2.01.2012

どうか忘れないで

先々週の土曜日、新橋のとある裏道に迷い込んだ。そこには過剰とも思えるほど多くの蕎麦屋がならんでいた。平日は多くの会社員でにぎわっているに違いないが、その土曜日の昼過ぎはほそぼそと営業していた。

歩いていると、どの店も非常に似ていることに気づく。どこに入ってもメニューは大体同じ、価格もしかり。同じ券売機、同じ食品サンプルの入ったガラスケース、同じような茹で場担当の無口なじいさんと同じような雑務担当のおばちゃん数名。見分けるには店の名前をおぼえるしかないだろう。もっとも、全部同じなのだから店を見分ける必要がないといえば無い。まるでこの特別な新橋の片隅だけ、差別化、だとか、競争、のような経済的な原理から免除されているように思えた、それも、ごく当たり前のことのように。

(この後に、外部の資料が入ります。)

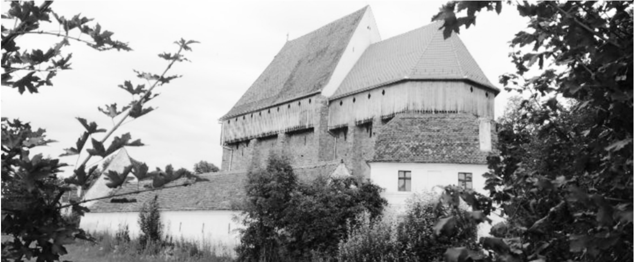
Fig. 2. One out of the many fortified churches built by Transylvanian Saxons in Brădeni/Henndorf . Source: M. Breiling, July 13th, 2018.

Una dintre multele biserici fortificate construite de către saxonii din Transilvania în Brădeni / Henndorf . Sursa: M. Breiling, 13 iulie, 2018.

私は店に入り、券売機で好物の「ミニかき揚げ丼セット」の食券を買った。ちなみに、私の場合は寒い季節でも、ざる蕎麦でないと蕎麦を食べた気がしない。三十秒待たないうち、セットが盆に出された。奥の立ち食いカウンターで陣取った。

一人の老人が店に入ってきた。多分、温かいわかめ蕎麦を注文したと思う。雑務のおばちゃんが世間話を持ちかける。今日も寒いですね、空いてるからどこでもゆっくりして食べれますよ、と嬉しそうに言う。どうやら常連のようだった。

先週の土曜日、たまたま近くにいたので、同じ裏道で蕎麦を食べることにした。同じようにミニかき揚げ丼セットを注文し、奥の立ち食いカウンターで食べた。老人が店に入ってきた。雑務のおばちゃんが世間話を持ちかける。今週は雪のようですね、今日は空いてるからどこでもゆっくりして食べていってくださいね、と嬉しそうに言う。

店の名前を覚えておけばよかった、とふと思った。